**Task brief**
Nothing in the data may be altered, so output all of it exactly.

--- The data Enclosed Below ---

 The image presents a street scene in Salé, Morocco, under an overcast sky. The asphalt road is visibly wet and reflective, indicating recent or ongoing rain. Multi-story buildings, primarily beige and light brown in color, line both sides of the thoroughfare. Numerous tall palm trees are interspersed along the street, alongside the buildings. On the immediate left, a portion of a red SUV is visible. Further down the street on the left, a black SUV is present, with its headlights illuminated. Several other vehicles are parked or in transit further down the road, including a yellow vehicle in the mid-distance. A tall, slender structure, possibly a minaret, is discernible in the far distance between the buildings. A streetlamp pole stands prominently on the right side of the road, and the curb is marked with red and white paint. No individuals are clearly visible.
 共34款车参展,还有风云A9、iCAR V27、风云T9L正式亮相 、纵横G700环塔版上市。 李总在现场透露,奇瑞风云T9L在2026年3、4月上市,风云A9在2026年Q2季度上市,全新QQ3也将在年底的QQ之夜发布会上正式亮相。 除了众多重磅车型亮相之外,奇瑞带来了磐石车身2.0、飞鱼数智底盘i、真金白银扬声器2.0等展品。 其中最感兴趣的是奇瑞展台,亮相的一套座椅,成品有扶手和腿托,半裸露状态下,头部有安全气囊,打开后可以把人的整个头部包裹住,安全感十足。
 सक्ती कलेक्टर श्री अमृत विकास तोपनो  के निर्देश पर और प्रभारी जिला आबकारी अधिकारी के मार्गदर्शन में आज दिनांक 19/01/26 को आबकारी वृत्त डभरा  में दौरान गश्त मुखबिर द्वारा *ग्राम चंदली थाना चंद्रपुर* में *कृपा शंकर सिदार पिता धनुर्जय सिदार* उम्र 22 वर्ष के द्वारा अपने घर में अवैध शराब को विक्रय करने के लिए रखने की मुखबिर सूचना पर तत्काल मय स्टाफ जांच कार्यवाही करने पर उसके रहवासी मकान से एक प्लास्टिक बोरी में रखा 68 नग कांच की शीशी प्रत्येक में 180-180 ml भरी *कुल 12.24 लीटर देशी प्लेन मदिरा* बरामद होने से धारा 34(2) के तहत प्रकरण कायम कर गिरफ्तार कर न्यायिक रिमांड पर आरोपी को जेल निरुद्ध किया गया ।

--- End of Enclosed The data ---

**Exercise output**
 The image presents a street scene in Salé, Morocco, under an overcast sky. The asphalt road is visibly wet and reflective, indicating recent or ongoing rain. Multi-story buildings, primarily beige and light brown in color, line both sides of the thoroughfare. Numerous tall palm trees are interspersed along the street, alongside the buildings. On the immediate left, a portion of a red SUV is visible. Further down the street on the left, a black SUV is present, with its headlights illuminated. Several other vehicles are parked or in transit further down the road, including a yellow vehicle in the mid-distance. A tall, slender structure, possibly a minaret, is discernible in the far distance between the buildings. A streetlamp pole stands prominently on the right side of the road, and the curb is marked with red and white paint. No individuals are clearly visible.
 共34款车参展,还有风云A9、iCAR V27、风云T9L正式亮相 、纵横G700环塔版上市。 李总在现场透露,奇瑞风云T9L在2026年3、4月上市,风云A9在2026年Q2季度上市,全新QQ3也将在年底的QQ之夜发布会上正式亮相。 除了众多重磅车型亮相之外,奇瑞带来了磐石车身2.0、飞鱼数智底盘i、真金白银扬声器2.0等展品。 其中最感兴趣的是奇瑞展台,亮相的一套座椅,成品有扶手和腿托,半裸露状态下,头部有安全气囊,打开后可以把人的整个头部包裹住,安全感十足。
 सक्ती कलेक्टर श्री अमृत विकास तोपनो  के निर्देश पर और प्रभारी जिला आबकारी अधिकारी के मार्गदर्शन में आज दिनांक 19/01/26 को आबकारी वृत्त डभरा  में दौरान गश्त मुखबिर द्वारा *ग्राम चंदली थाना चंद्रपुर* में *कृपा शंकर सिदार पिता धनुर्जय सिदार* उम्र 22 वर्ष के द्वारा अपने घर में अवैध शराब को विक्रय करने के लिए रखने की मुखबिर सूचना पर तत्काल मय स्टाफ जांच कार्यवाही करने पर उसके रहवासी मकान से एक प्लास्टिक बोरी में रखा 68 नग कांच की शीशी प्रत्येक में 180-180 ml भरी *कुल 12.24 लीटर देशी प्लेन मदिरा* बरामद होने से धारा 34(2) के तहत प्रकरण कायम कर गिरफ्तार कर न्यायिक रिमांड पर आरोपी को जेल निरुद्ध किया गया ।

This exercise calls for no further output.